Reading your essay, I was glad you avoided the worst tropes of the genre. You acknowledge that police killings of Black people are a terrible problem that people are rightly concerned about, and that Black people care very much about community violence even if it is not national news. So why do you frame the piece as if only some Black lives matter? And why do you drive yourself into paroxysms of anxiety about voices on the woke left when you recognize that they and their views are a small minority nationally and among African Americans?
Glenn Loury would agree with that reader about these stories “not being in the New York Times” and other national op-ed pages. This week Glenn went on a righteous rant:
This next reader has taken action:
As someone involved in the defunding movement, I’ll say that what we are looking for is an alternative to police being the only thing that ever is considered as a response to violence. So in St. Louis, where I live, we call it “reimagining public safety” and bringing the Cure Violence program here is a big part of that. This is proving to be a super slow process, but I very much encourage you to watch the informational videos on the group, which started in Chicago. It’s also featured in the documentary “The Interrupters.” (I also recommend Matt Taibbi’s underrated book, I Can’t Breathe, about the Eric Garner killing.) Maybe you are already familiar with this group, as the caption of the photograph refers to a violence interrupter. Regardless, if you care about it, maybe more publicity for their approach would be good?
Agreed. One more reader:
Katie Herzog responded to a dissent last week by concluding, “These people [HRC et al.] may be trying to help, but spreading these myths gives trans people the false impression that they are going to be murdered every time they leave the house.”
Likewise, the ceaseless drumbeat that police are fundamentally motivated by racism does not help Black communities.
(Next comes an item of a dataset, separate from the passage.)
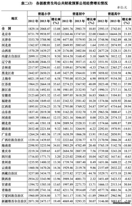 (3)全国普通高中为2742.01元,比上年的2593.15元增长5.74%。增长最快的是甘肃省(50.84%)。
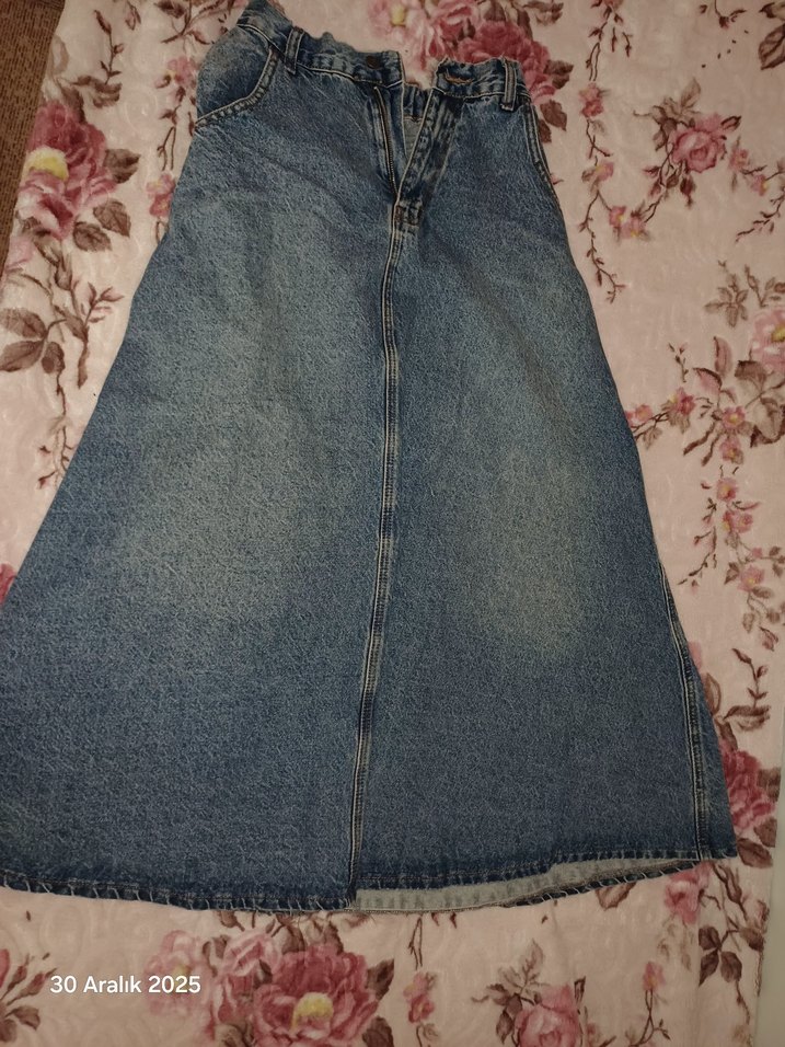 Kadınlar için uzun kot etek, bol kesim ve kemerli bel detayına sahip. Vintage bohem tarzını yansıtan sade mavi kumaşı günlük kullanıma uygundur.

We are teaching people that because the police are out to get them, desperate behaviors are necessary (e.g. fleeing) — behaviors that will only escalate encounters and increase the chances they end in tragedy. And encouraging an antagonistic attitude towards the police makes crimes in these communities much more difficult to solve (and thus deter).
Yes, of course we need to stop excusing actual police misconduct, and the police should not be blindly supported in all things. Yes, of course we need to put clearly defined limitations on the use of force and consistently enforce them. These are all good conversations to have. But saying things like, “The policeman who pulls you over for an expired vehicle registration probably hates you for the color of your skin and is looking for any excuse to attack,” a.k.a. “the Talk”? That doesn’t help anyone.